No reason can be suggested for making an exceptional case of the retirement of one trustee out of three. It cannot be denied that the constant effort of the legislature has been towards increasing simplicity in this connection. But the argument of the respondent leads to extraordinary perplexities. Thus it maintains the following results:A., B. and C. are original trustees and the legal owners subject to the trust of land, chattels and debts. A. retires and B. and C. remain, no third trustee being appointed. By force of s. 5 of the Act of 1902 B. and C. are clothed with property and the right to sue, A. being entirely discharged. I leave out the proviso. But if only D. were appointed in place of A., the contention is that s. 5 of the Act of 1902 does not apply, but s. 6 of the Act of 1898 alone, with the result that A. is still invested with the right of action, say, for damages to trust land or for the mortgage debt under the general law, and that D. is not so invested although he is a joint owner of all the trust property, or joint legal owner of the mortgaged property, and A. is not. I am unable to accept this view.

In Brunton v Commissioner of Stamp Duties, [F5] at p. 759 Lord Parker, speaking for the Judicial Committee, said:"Where in a Statute words are used capable of more than one construction the results which would follow the adoption of any particular construction are not without materiality in determining what construction ought to prevail."

The legislature has been steadily emerging from these difficulties, and has used the words not only capable of clearing them away but in their natural signification eminently suitable for the purpose. In my opinion, the "commanding principle" stated by Lord Shaw in Butler v Fife Coal Co, [F6] at p. 178 of giving full effect to the words for their obvious purpose should be applied.

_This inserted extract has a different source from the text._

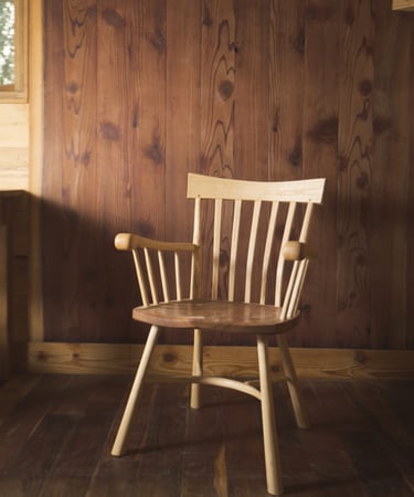 I started off making straight copies of traditional Windsor chairs over 25 years ago. My chairs have evolved somewhat but I still aspire to the old styles and techniques. Power tool use is kept to a minimum and the machinery that I do use is powered by the wind and sun.

Moir, in my opinion, ceased to have any interest, legal or equitable, in the guarantee on his supersession by the new trustees.

No special formality, as by registration, is required by any Act, and Parliament, having the power so to do, which an individual has not, has declared that independent of any consent of the debtor the debt shall pass to the new trustees.

In no other Australian State could this difficulty have arisen. Elsewhere the merits, and the merits alone, would have been in controversy, but here we have been engaged; as the Supreme Court was engaged, in a long and expensive preliminary argument respecting a mere matter of technicality. That is a heavy price to pay for antique procedure, whichever side wins.

2.-The Real Property Act.

Another point raised by the appellant was based on s. 52 of the Real Property Act 1900 (No. 50). It was urged that upon registration of the new trustees as proprietors of the mortgage, the debt to Moir was extinguished, and a new debt owing to the new trustees arose, and so on the principle of Commercial Bank of Tasmania v Jones [F7] the guarantee was at an end.

But that case, as was indeed pointed out in Perry v National Provincial Bank of England, [F8] rested on this, that as regarded the debtor there was no debt left. Here there is, and always has been, the same debt, so far as the debtor is concerned; the only change that has ever arisen is in the proper person to pay it to.

That point entirely fails; but, as the first one holds, the appeal succeeds. It is therefore unnecessary to determine the objection raised by the respondent on the construction of the guarantee.